江戸時代初期の延宝元年(1673)に、出来大工町の乙名職 若杉喜三太郎浄宣が、邸内に祀っていた若宮稲荷五社大明神を清浄な地に移すために、伊良林郷次石に遷宮したのを端緒とする。当地は、現在まで脈々と続く若宮稲荷神社宮司の初代 松尾長左衛門の開拓地であった。その長左衛門に、若杉喜三太郎は宮守を託した。

若杉家は過去に河内国に居住していため、代々楠木正成を厚く尊崇していた。ゆえに、喜三太郎浄宣は、本宮の守護神として相応しい聖地をもとめて、伊良林郷に奉遷したのである(※ただし、祭神は保食神)。このことが、後に維新志士たちの厚い信仰を得る要因となった。

また、長崎奉行 細井因幡守安明を初め、歴代の長崎奉行から手厚い保護を受けることとなる。特に、元文元年(1736)細井因幡守による大掛かりな参道の整備や神殿の改築によって、本宮の知名度が一般に周知された。

明治維新の荒波を乗り越え、社号を「若宮稲荷・次石社」から現在の「伊良林稲荷神社」に改称。 明治29年(1896)の拝殿の大改修、大正12年(1923)の神饌所・神庫・神符授与所の新設、昭和48年(1973)の鎮座300年祭を得て現在にいたる。

参拝客用の駐車場はありません

土日祝日なら「瓊浦学園 瓊浦高等学校 臨時駐車場に」【亀山社中記念館用】

亀山社中記念館の臨時駐車場「瓊浦学園 瓊浦高等学校」

土日祝日限定で「亀山社中記念館の利用客用」として、瓊浦学園 瓊浦高等学校の駐車場が開放されます。

あくまで、亀山社中利用客用ですが、「駐車場」⇒「亀山社中記念館」の途中に「若宮稲荷神社」があります。「亀山社中記念館」へ行く途中に立ち寄って、短時間で参拝を済ますなら差支えないかと思います。

平日なら「伊良林3丁目の時間駐車場」で

伊良林3丁目時間駐車場(風頭公園)

時間貸し駐車場で最寄りは、「伊良林3丁目のパーキング」です。60分/200円はこの一帯では相場相応の料金。

利用時間が17:00までなのでご注意を。

住所・料金

 長崎市伊良林3丁目8  

• 朝~17:00⇒  60分/200円 

• 17:00~朝 or 受付できなかった場合 ⇒ 駐車時間問わず1,000円

神社への徒歩でのアクセス【観光客向け】

風頭公園・亀山社中祈念館(長崎)への行き方
風頭公園まで続く急勾配な坂道

既述の通り、観光客は、「眼鏡橋」、「亀山社中記念館」、「龍馬のぶーつ像」、「若宮稲荷神社」、「風頭公園」を一度に巡るコースがオススメです。

そのための2コースをご紹介。

【1】山のふもとから「眼鏡橋」⇒「若宮稲荷神社」⇒「風頭公園」まで、標高150メートルを徒歩で登るコース。

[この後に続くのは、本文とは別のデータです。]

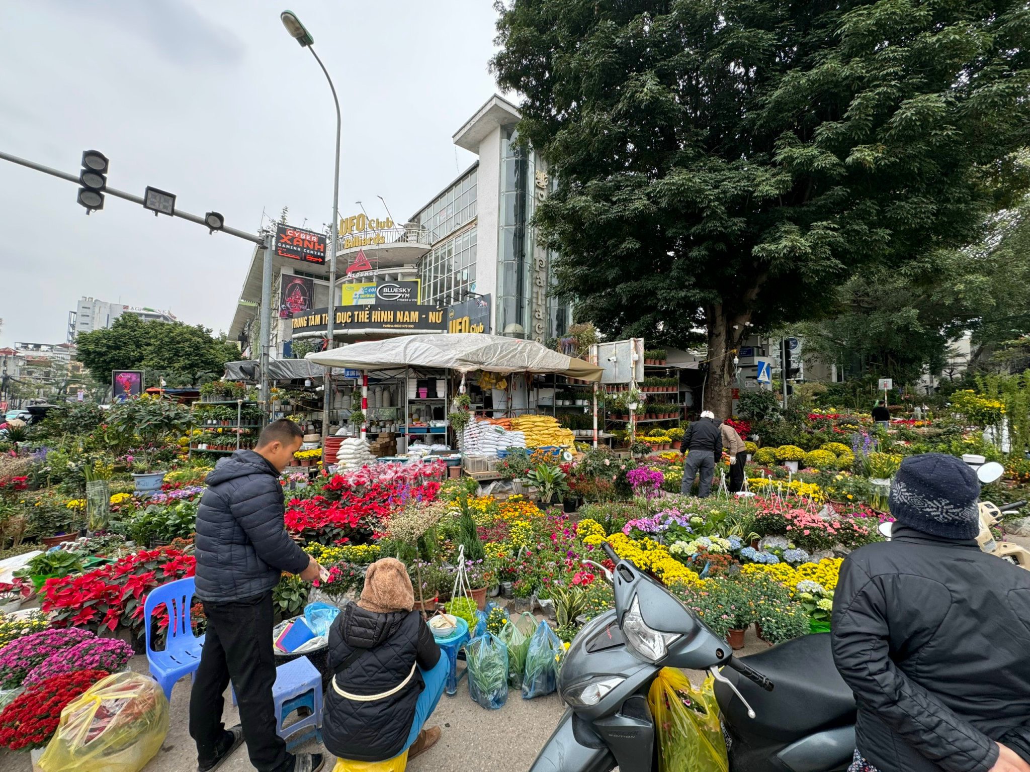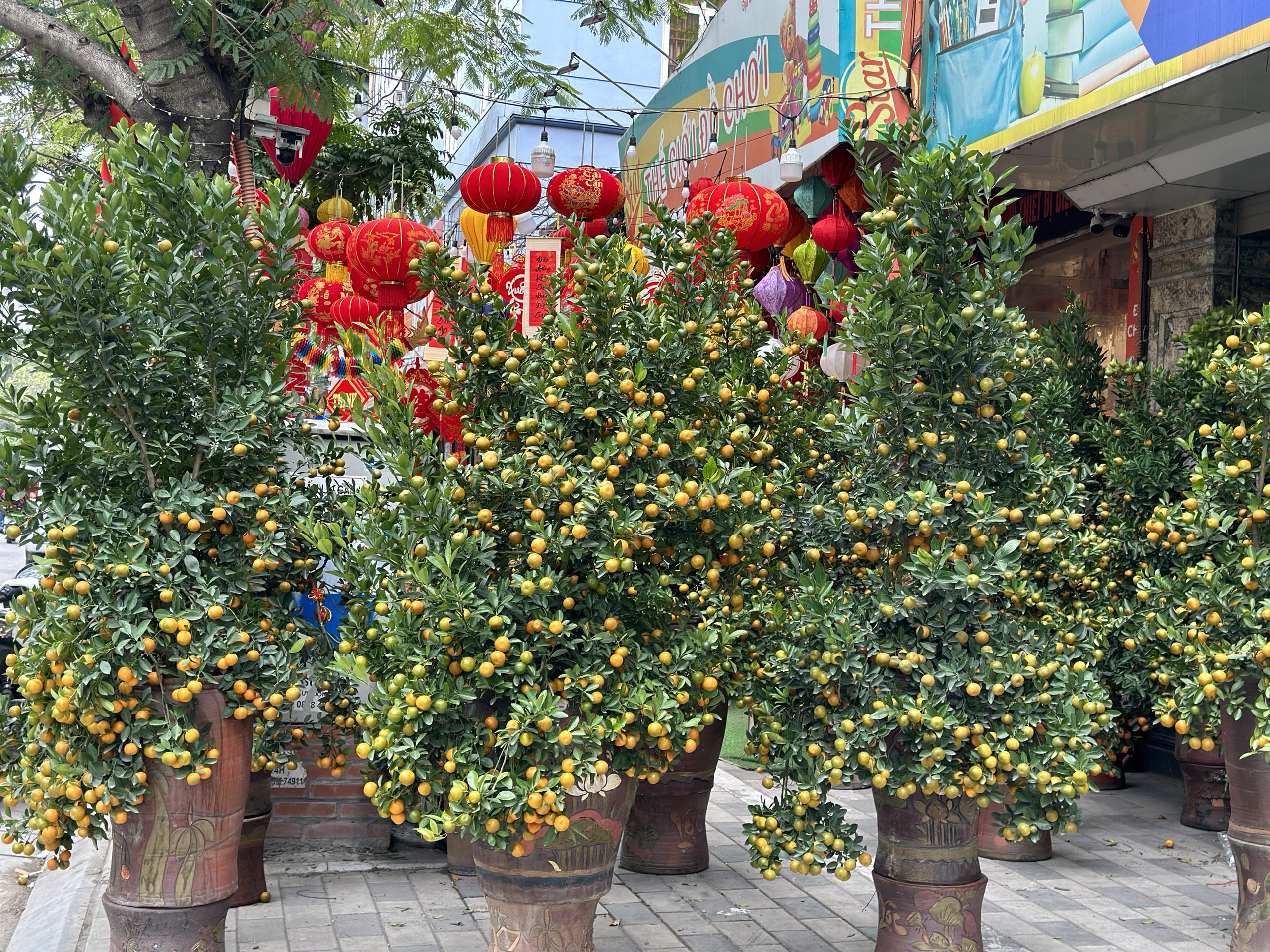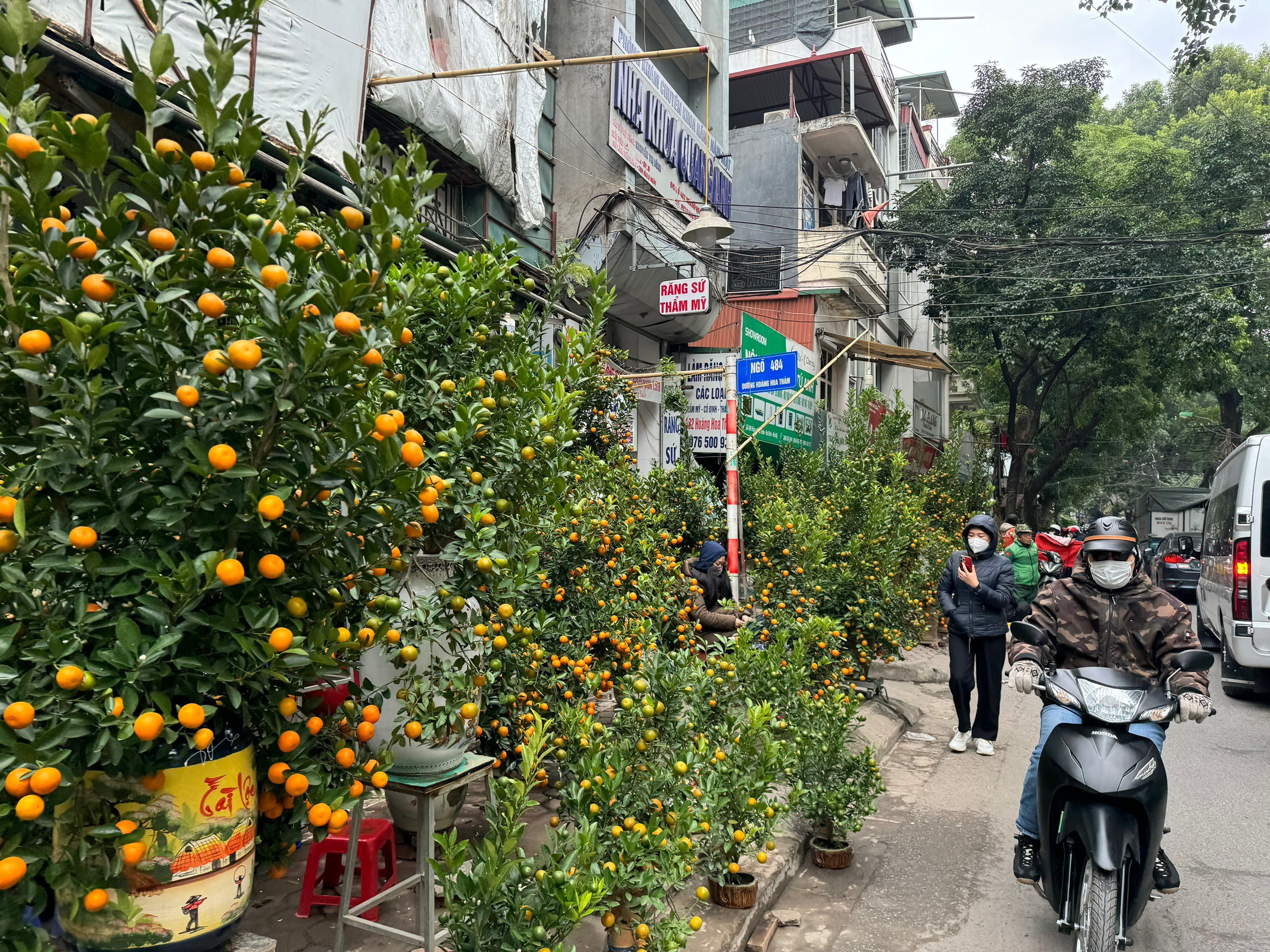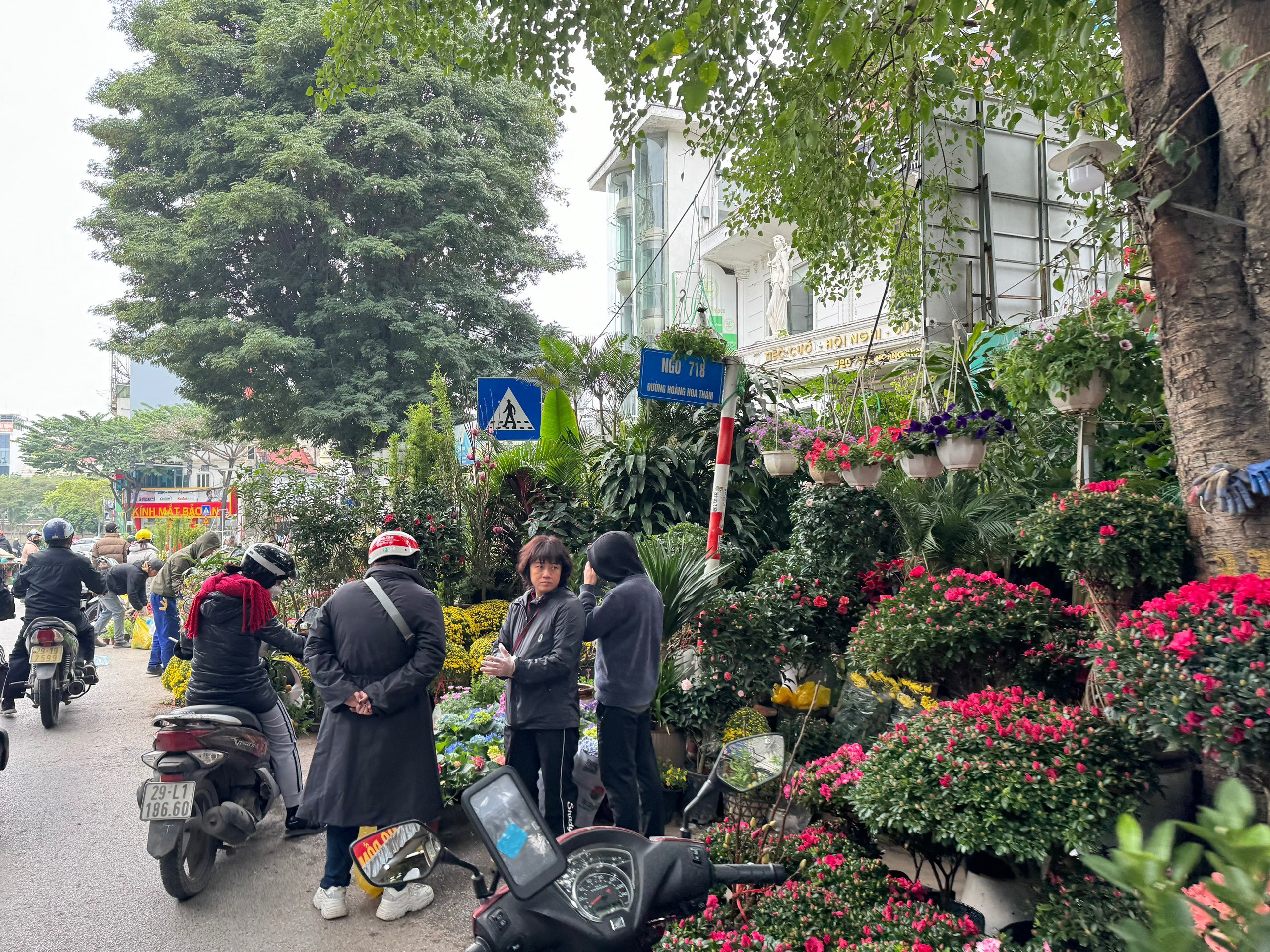 Muôn hoa xuống phố khoe sắc.Trên các tuyến phố ở quận Tây Hồ, Hà Nội, đào, quất, cây cảnh,… đã được các tiểu thương trưng bày kín hai bên đường để người dân thuận tiện chọn lựa mua sắm.
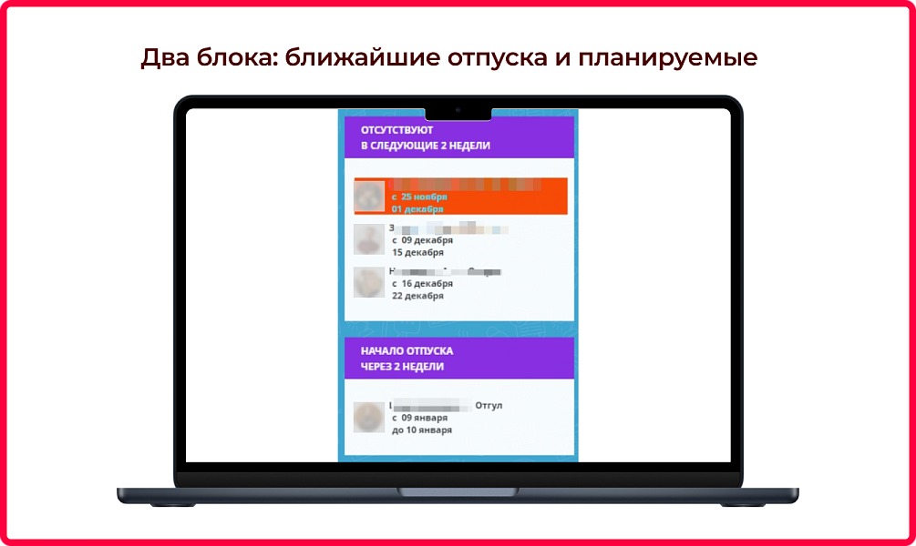Виджет состоит из двух настраиваемых блоков для лучшего разделения предстоящих отсутствий на ближайшие и отдаленные по времени.
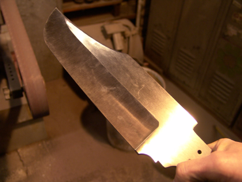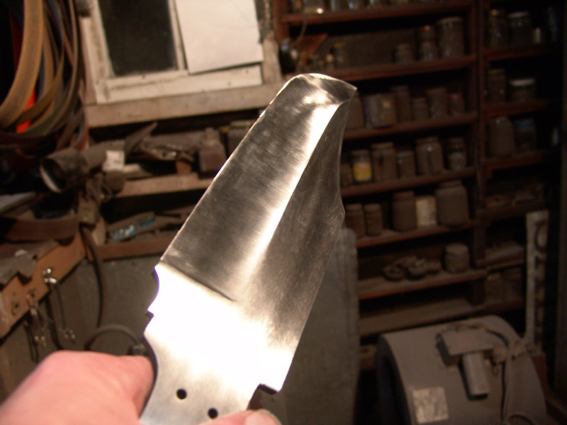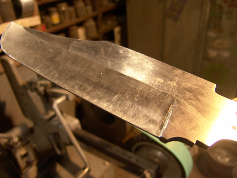 After heat treatment, much more grinding is required and it is a slower process since I am now grinding hardened steel with successively finer grit belts to remove all scratches from the blade.
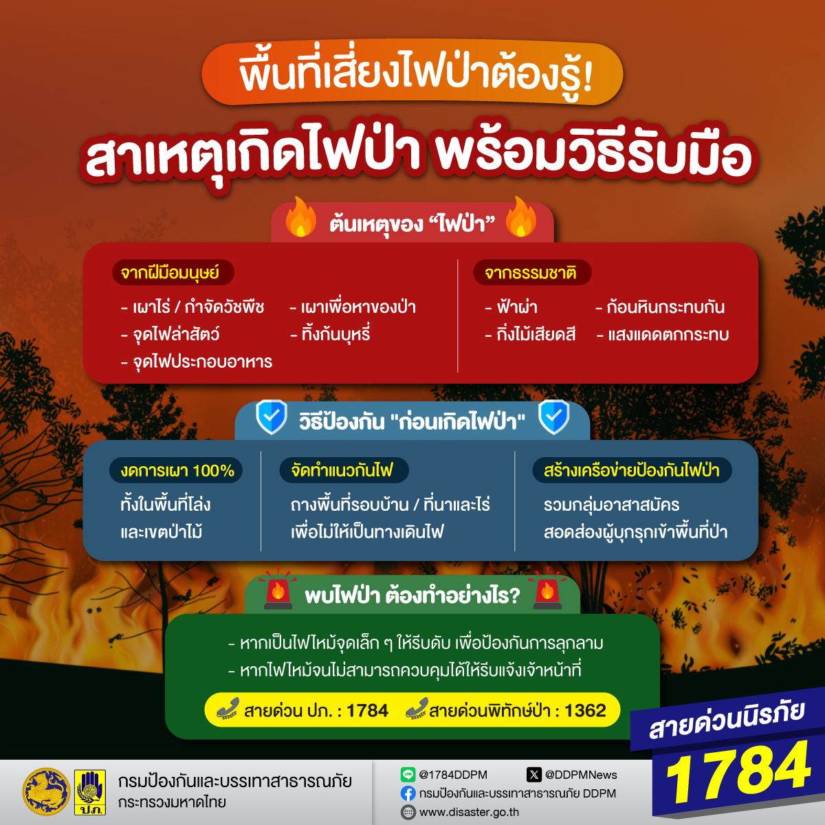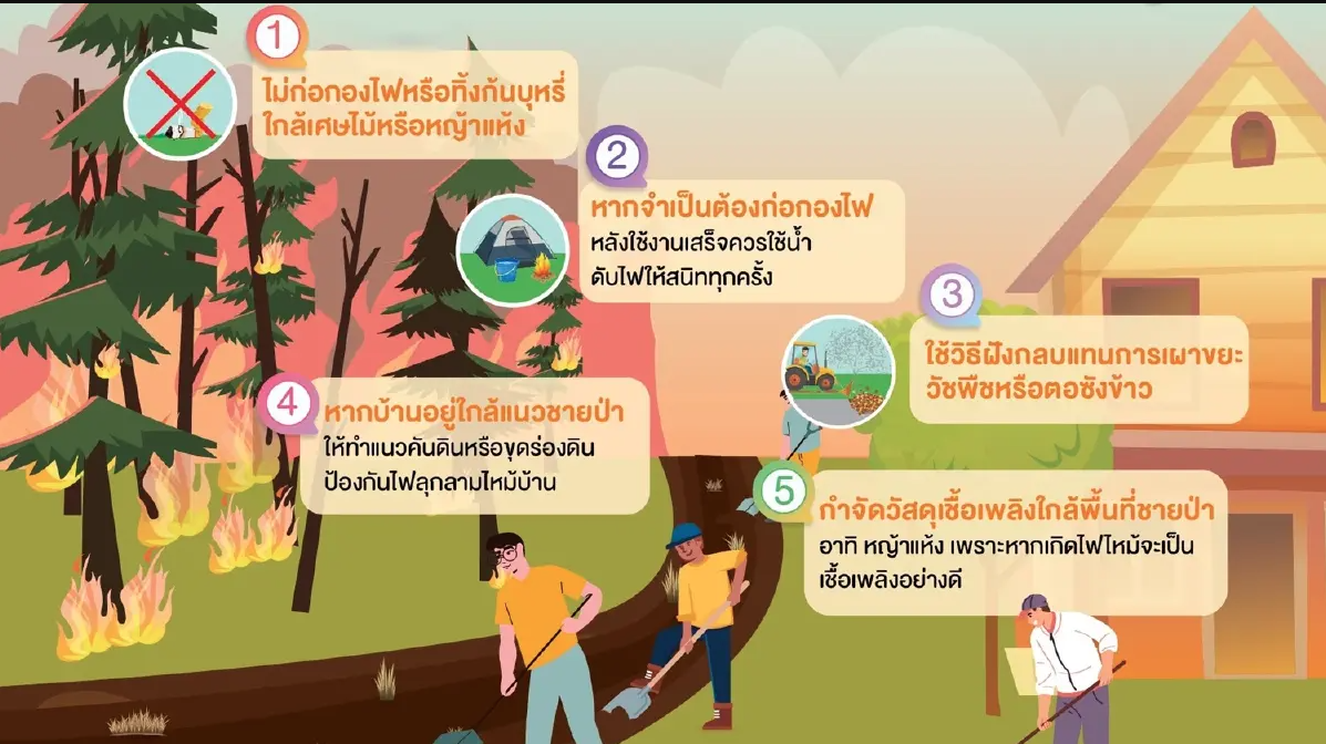 ทั้งนี้ หากพบเห็นเหตุเพลิงไหม้ หรือสถานการณ์ที่อาจก่อให้เกิดไฟป่า โปรดแจ้งหน่วยงานที่เกี่ยวข้องโดยด่วน เพื่อร่วมกันป้องกันและลดความเสียหายต่อชีวิต ทรัพย์สิน และทรัพยากรธรรมชาติของชุมชนเรา
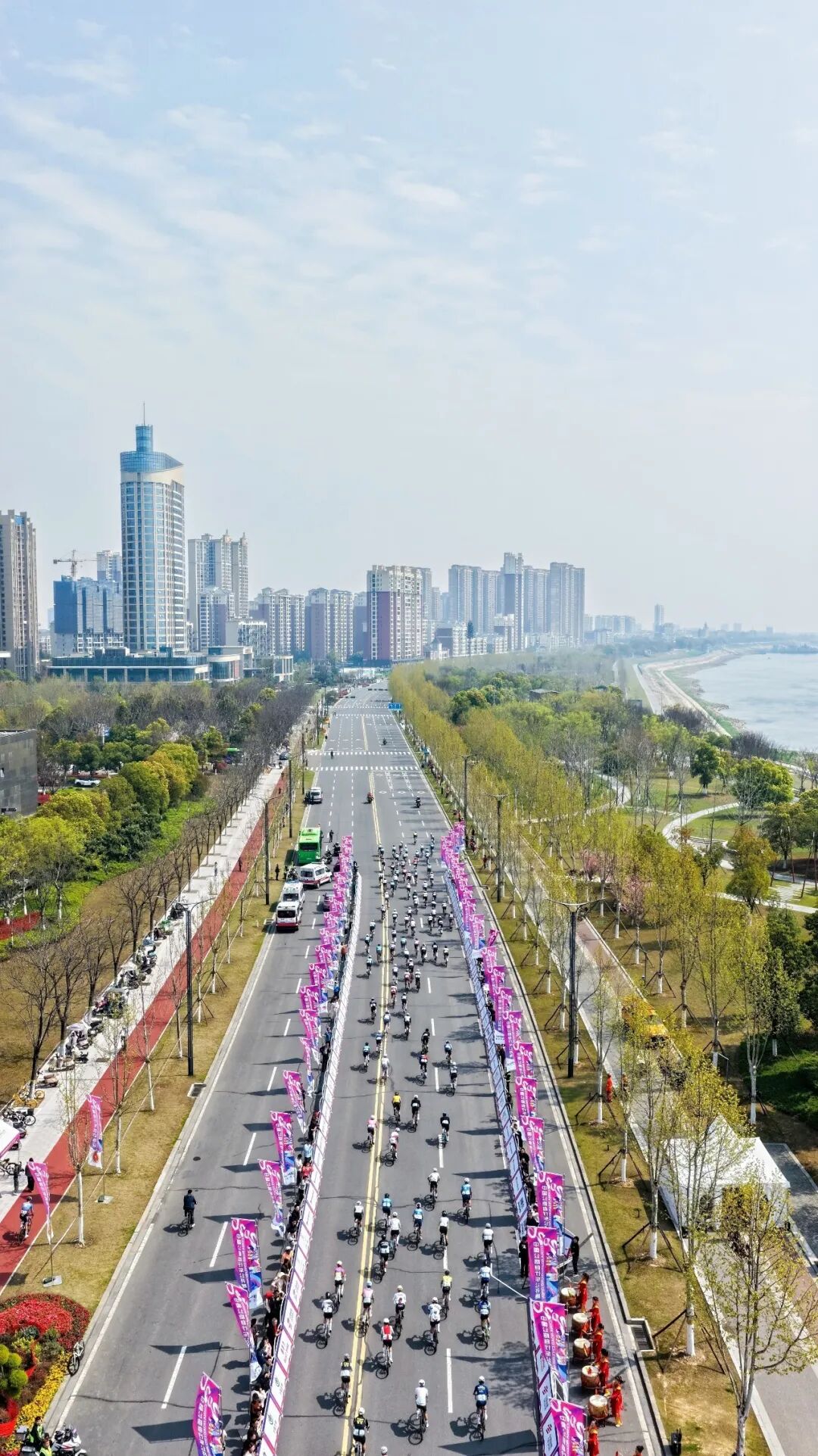 赛道沿江依湖布局,串联起金湖国家湿地公园、滨江风光带与城市核心地标,一路碧波与花海相映,让选手在骑行中沉浸式感受“生态+体育”的独特魅力。这条被长江滋养的“天然赛道”是吸引国家级赛事落地的核心底气。
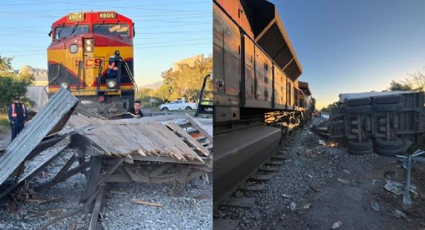 Guadalupe.- Un tren impactó y partió una de las cajas de un tráiler que intentó ganarle el paso, en el municipio de Guadalupe.

【2】「路線バスで最寄りのバス停へ」⇒「風頭公園」⇒「若宮稲荷神社」⇒「眼鏡橋」まで下るコース。

楽さでいえば比べものにならないほど【2】です。【1】のメリットは、坂の街長崎を身をもって体験できること、かな。詭弁に近いですけど。

境内を散策しましょう

「参道」を登ります

若宮稲荷神社(長崎市伊良林)若宮稲荷神社(長崎市伊良林)

若宮稲荷神社(長崎市伊良林)
若宮稲荷神社(長崎市伊良林) 若宮稲荷神社(長崎市伊良林)
ごみ出しの注意喚起に龍馬登場 参道に彫られた陰陽道の男石

若宮稲荷神社(長崎市伊良林) 若宮稲荷神社(長崎市伊良林)
古い祠群 参道途中に架かる石橋

若宮稲荷神社(長崎市伊良林) 若宮稲荷神社(長崎市伊良林)

稲荷神社名物、70数門を数える鳥居のトンネルをくぐりながら、200余段の石段をひたすら登ります。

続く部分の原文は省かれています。